* Task to carry out
What you return should be the lines from the one with "张天爱,短款牛仔衣+牛仔皮革" through the one with "The main floor" in the data below, reproduced exactly with both ends, and no pictures at all.

* Source records

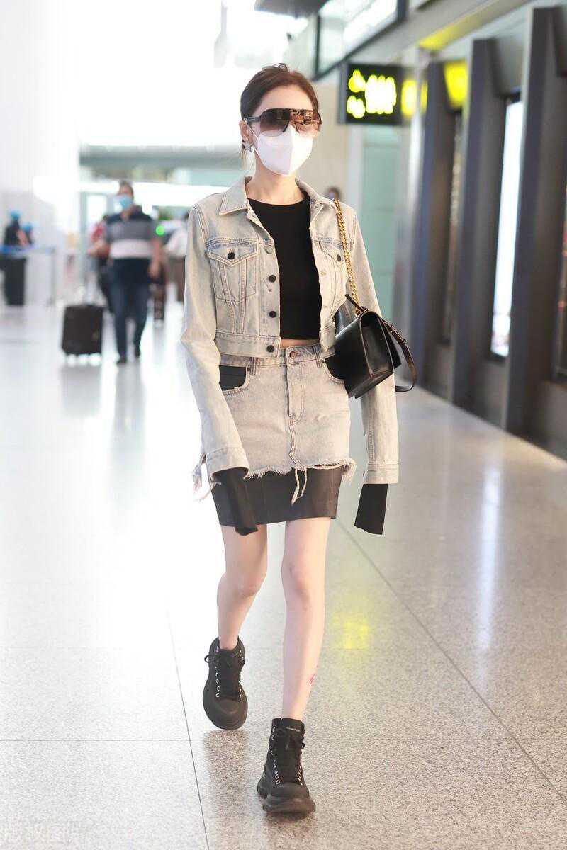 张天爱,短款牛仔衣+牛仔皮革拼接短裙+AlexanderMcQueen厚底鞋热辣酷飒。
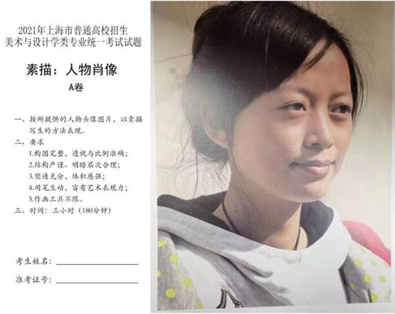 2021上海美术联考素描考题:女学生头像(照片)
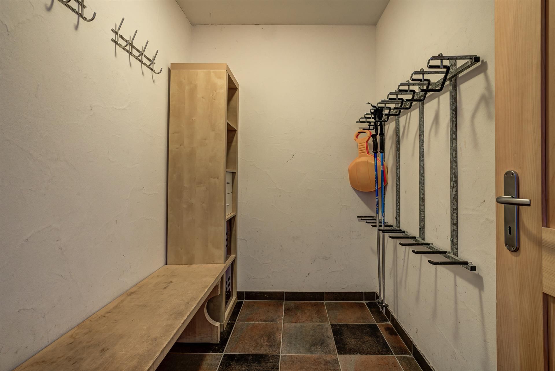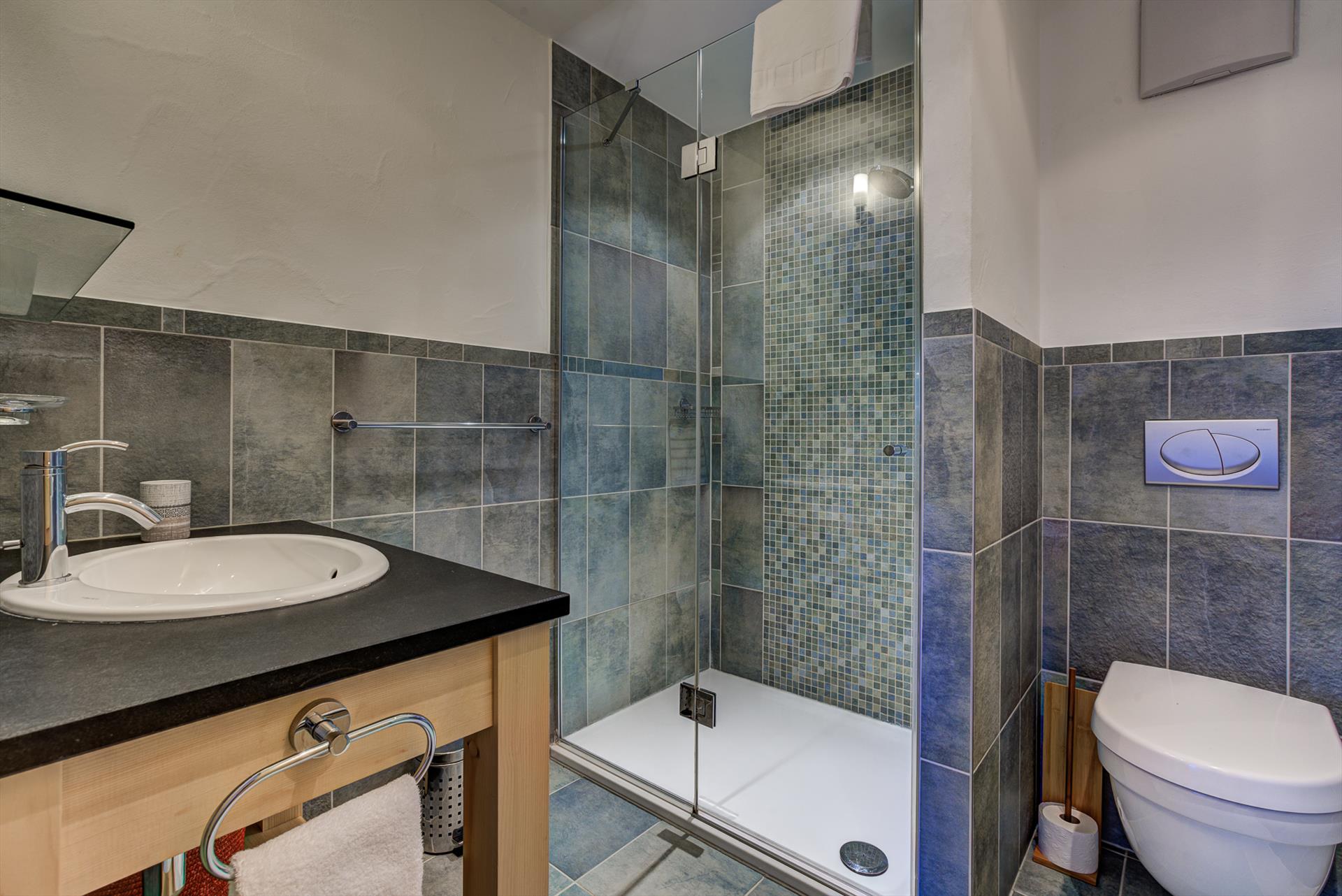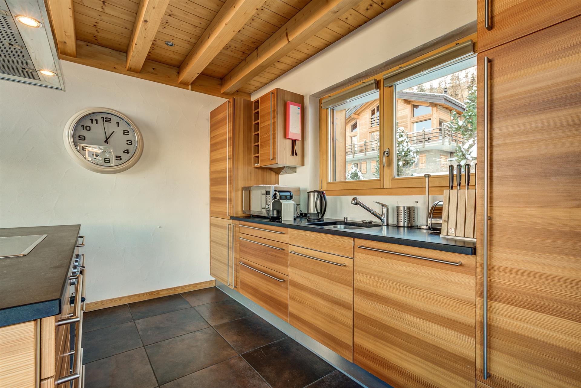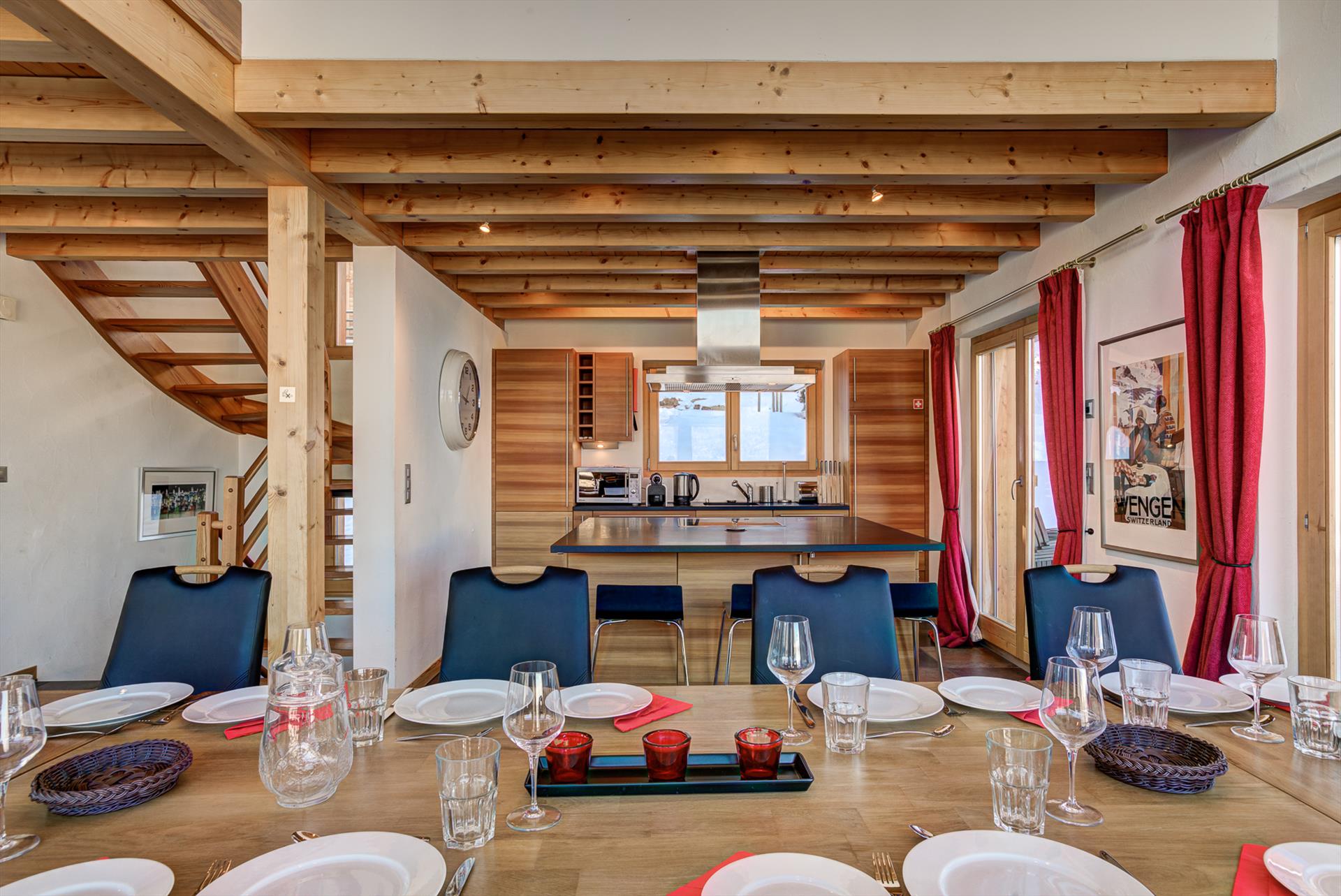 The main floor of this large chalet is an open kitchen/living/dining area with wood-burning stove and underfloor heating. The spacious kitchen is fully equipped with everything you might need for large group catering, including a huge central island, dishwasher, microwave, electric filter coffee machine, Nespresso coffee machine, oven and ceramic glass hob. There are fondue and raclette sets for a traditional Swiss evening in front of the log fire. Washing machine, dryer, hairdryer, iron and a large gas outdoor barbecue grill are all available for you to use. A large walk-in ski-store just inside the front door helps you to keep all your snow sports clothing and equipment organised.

--

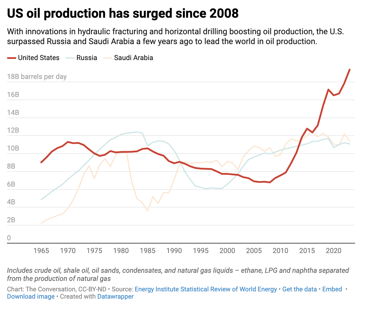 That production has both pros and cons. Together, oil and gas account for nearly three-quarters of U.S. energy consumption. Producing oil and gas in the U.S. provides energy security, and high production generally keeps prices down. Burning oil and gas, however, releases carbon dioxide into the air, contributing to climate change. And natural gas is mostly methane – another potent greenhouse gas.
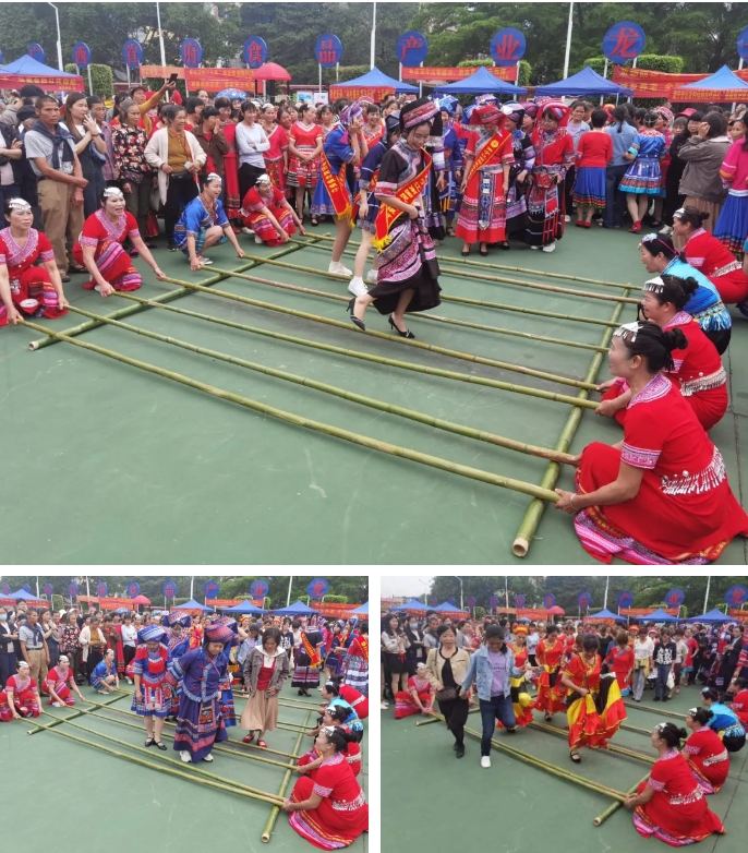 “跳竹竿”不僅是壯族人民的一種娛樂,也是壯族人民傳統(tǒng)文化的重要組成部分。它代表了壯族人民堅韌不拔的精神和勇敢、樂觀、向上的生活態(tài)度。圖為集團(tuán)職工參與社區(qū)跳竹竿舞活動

* * *

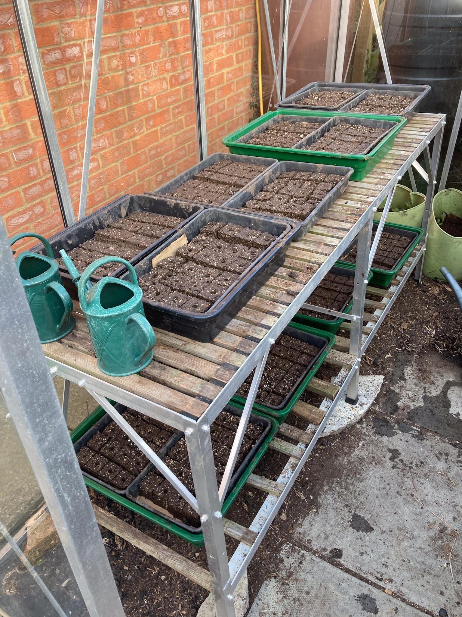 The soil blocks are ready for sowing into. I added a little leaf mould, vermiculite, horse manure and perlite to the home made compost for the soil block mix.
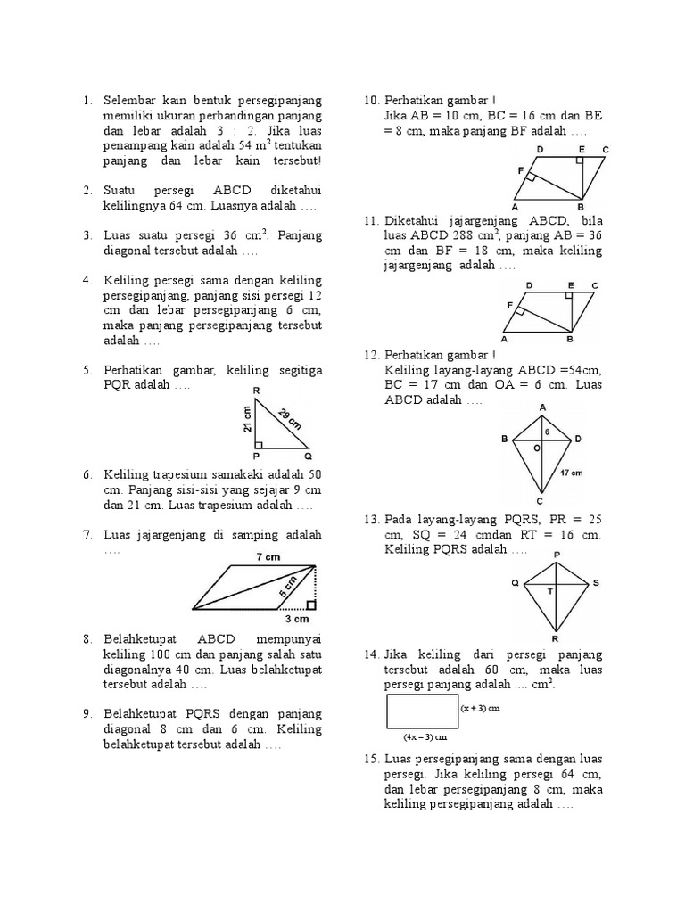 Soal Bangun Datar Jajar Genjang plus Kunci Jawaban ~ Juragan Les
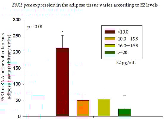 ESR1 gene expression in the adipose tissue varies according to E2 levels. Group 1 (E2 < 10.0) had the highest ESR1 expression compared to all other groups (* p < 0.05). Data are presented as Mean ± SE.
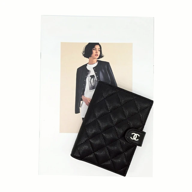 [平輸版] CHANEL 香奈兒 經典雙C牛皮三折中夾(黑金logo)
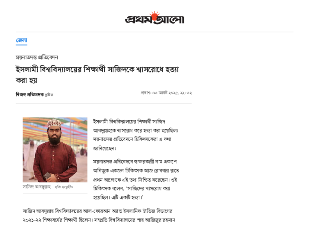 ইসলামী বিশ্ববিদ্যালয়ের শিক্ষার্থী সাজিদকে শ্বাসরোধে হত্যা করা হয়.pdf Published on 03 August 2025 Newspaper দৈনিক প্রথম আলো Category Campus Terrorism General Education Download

* Response to this task
 张天爱,短款牛仔衣+牛仔皮革拼接短裙+AlexanderMcQueen厚底鞋热辣酷飒。
 2021上海美术联考素描考题:女学生头像(照片)
 The main floor of this large chalet is an open kitchen/living/dining area with wood-burning stove and underfloor heating. The spacious kitchen is fully equipped with everything you might need for large group catering, including a huge central island, dishwasher, microwave, electric filter coffee machine, Nespresso coffee machine, oven and ceramic glass hob. There are fondue and raclette sets for a traditional Swiss evening in front of the log fire. Washing machine, dryer, hairdryer, iron and a large gas outdoor barbecue grill are all available for you to use. A large walk-in ski-store just inside the front door helps you to keep all your snow sports clothing and equipment organised.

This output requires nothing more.